Since then, I've caught up on work - which is the most oober stressful place in the world and needs to be rectified eventually....when Boo stops sucking the money from my bank accounts. I've bought a new car - sucking some more money from my bank account. Been riding the motorcycle - yet another money suck. And trying to get the yard back from the jungle like state it ended up in during my 30% occupancy this summer. I'd hire me some yard boys for that task, except all the money has been sucked! Physical labor is good for me any way!
What? No man keeping my attention? There has been a parade but in general, each applicant has been turned down. I'm not sure if it is the repercussion from having been smitten by a man who pretended to be what he wasn't or if each applicant just wasn't up to par. I've met them in all the "right" ways...through friends or doing activities that I like/love. But after 3-4 dates, I'm bored and thinking up ways to avoid spending time with them. Also thinking things like, "his lips will never ever touch mine!" Yes, a couple of good looking guys actually revolt me. So, yeah, maybe it is the "after shock". I'm ready for it to be over.
I've made friends with a lovely man. he doesn't revolt me yet. But he hasn't even touched me yet. We talk on the phone, text and hang out.

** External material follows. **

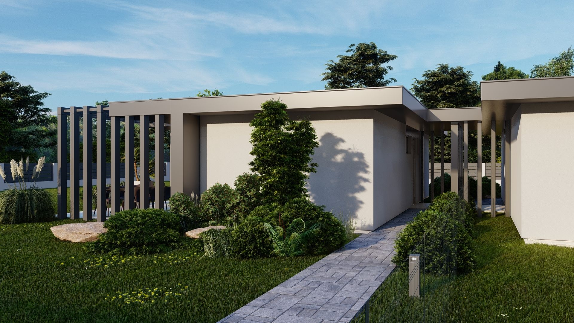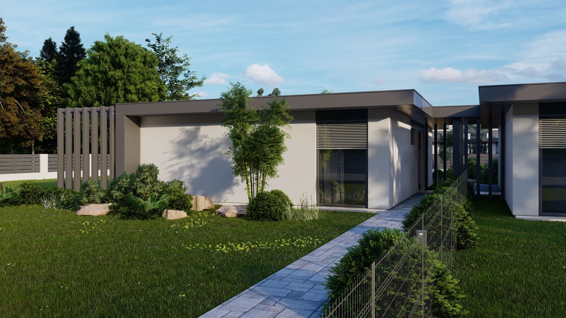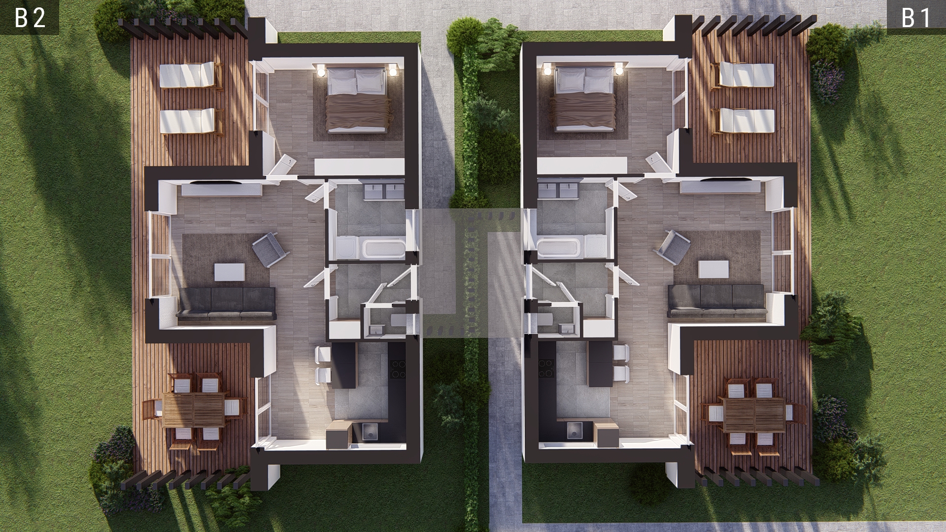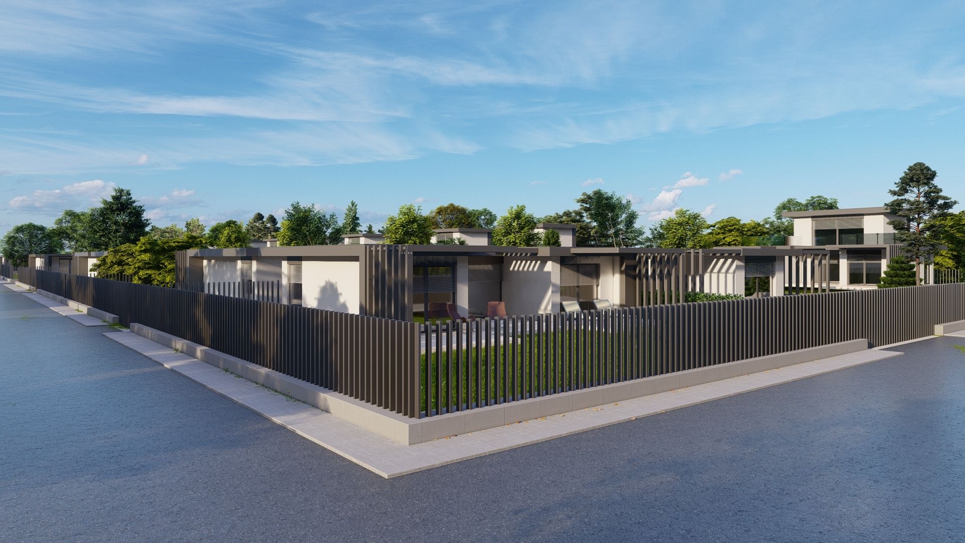 Telkenként (720-800 nm) kettő egyszintes ingatlan épül, saját használatú, intim kertrésszel (306-414 nm), autó beállóval, külön bejáratú megközelítéssel. Az épületek egymás között fallal nem kapcsolódnak, összekötésük pergolás, modern kialakítással megoldott.

His ex-wife is crazy. Not crazy bitch jealous but literally borderline personality disorder crazy. I teased him about marrying a crazy woman....but I know, if a certain person had managed to hold his deception for a longer period of time, i could have ended up in a similar place. So I keep my ribbing to a minimum. I'm not sure if things will go anywhere with this lovely man nor that I want them to. So, I just let him take up some of my time and enjoy what we have.
I might say, my faith is close to non-existent these days. I know that probably isn't true. But I've lost hope that God has anything "wonderful" planned for me. I think His current plan for my life is pretty sucky. I know it could suck worse and I know that, if the right situation were to happen, I could end up saying, "oh it was so worth that shitty period I went through." But right now, I think His plan sucks and will let you know if I change my mind. I say I think my faith is wavering. But not really my faith in God. Just that He cares about making my life interesting/fun/worth living rather than just mere existence. There are so many schools of thought on how much He interferes with/has planned for our lives, that I think I'm rejecting the last theory that I had. That rejections doesn't mean I won't try to live Christ-like or disbelieve what I've come to believe as right. But, it does mean that I've lost hope. I have friends that are holding that hope for me. And, that is the way I see Him blessing me. But other than that, I'm not to impressed with the big G these days.
So, perhaps, this is why I haven't been writing. Or perhaps, I need to write to get myself out of this. I can't really say one way or another. But, realizing this is probably one of the most mundane posts ever....well, it says something to me!